What is depression?
Depression is a medical condition that affects your mood and ability to function.
Depressive symptoms include feeling sad, anxious or hopeless. The condition can also cause difficulty with thinking, memory, eating and sleeping. A diagnosis of major depressive disorder (clinical depression) means you have felt sad, low or worthless most days for at least two weeks while also having other symptoms such as sleep problems, loss of interest in activities, or change in appetite.
Without treatment, depression can get worse and last longer. In severe cases, it can lead to self-harm or death. Fortunately, treatments can be very effective in improving symptoms of depression.
How common is depression?
Depression is common all over the world. Healthcare providers estimate that nearly 7% of American adults have depression every year. More than 16% of U.S. adults — around 1 in 6 — will experience depression in their lifetime.
What are the types of depression?
Healthcare providers name depression types according to symptoms and causes. These episodes often have no obvious cause. In some people, they can linger much longer than in others for no clear reason.
Types of depression include:
- Major depressive disorder (MDD): Major depression (clinical depression) has intense or overwhelming symptoms that last longer than two weeks. These symptoms interfere with everyday life.
- Bipolar depression: People with bipolar disorder have alternating periods of low mood and extremely high-energy (manic) periods. During the low period, they may have depression symptoms such as feeling sad or hopeless or lacking energy.
- Perinatal and postpartum depression:“Perinatal” means around birth. Many people refer to this type as postpartum depression. Perinatal depression can occur during pregnancy and up to one year after having a baby. Symptoms go beyond “the baby blues,” which causes minor sadness, worry or stress.
- Persistent depressive disorder (PDD):PDD is also known as dysthymia. Symptoms of PDD are less severe than major depression. But people experience PDD symptoms for two years or longer.
- Premenstrual dysphoric disorder (PMDD): Premenstrual dysphoric disorder is a severe form of premenstrual disorder (PMS).
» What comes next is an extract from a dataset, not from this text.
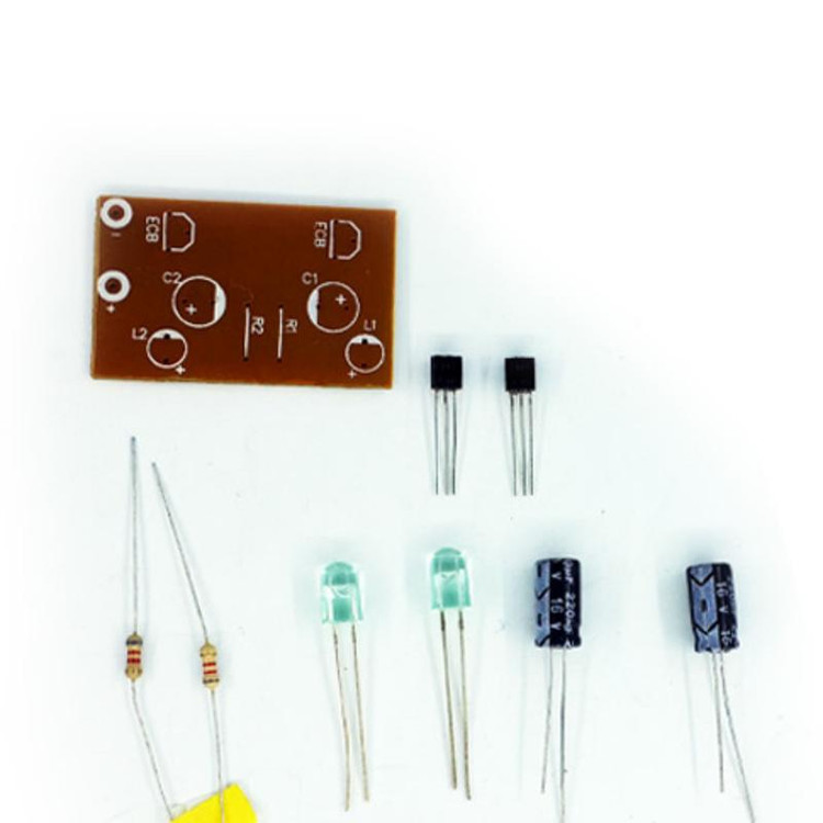 این محصول، کیت چشمک زن دوتایی به همراه جزوه آموزشی مراحل ساخت محصول می باشد. محتویات این بسته شامل مقاومت 8.2 کیلواهم، خازن شیمیایی 330 الی 470 میکروفاراد، ترانزیستور منفی C945، دیود نورانی (LED) و... است.
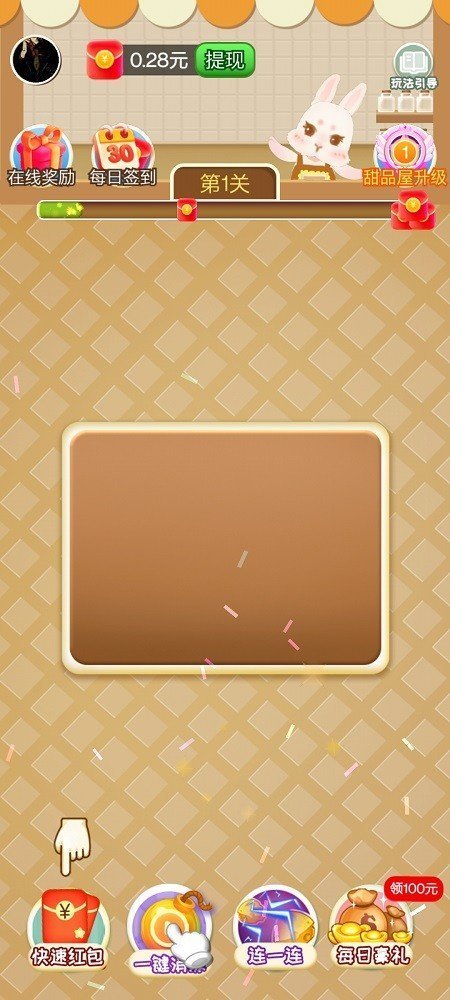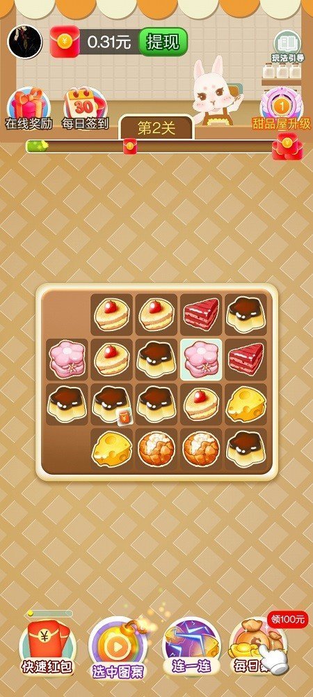 每一关都会有不同的甜点需要玩家淘汰。只要完成关卡挑战,就能获得现金满满的红包奖励,每天签到还能收到红包。

It affects women in the days or weeks leading up to their menstrual period.
- Psychotic depression: People with psychotic depression have severe depressive symptoms and delusions or hallucinations. Delusions are beliefs in things that are not based in reality, while hallucinations involve seeing, hearing, or feeling touched by things that aren’t actually there.
- Seasonal affective disorder (SAD): Seasonal depression, or seasonal affective disorder, usually starts in late fall and early winter. It often goes away during the spring and summer.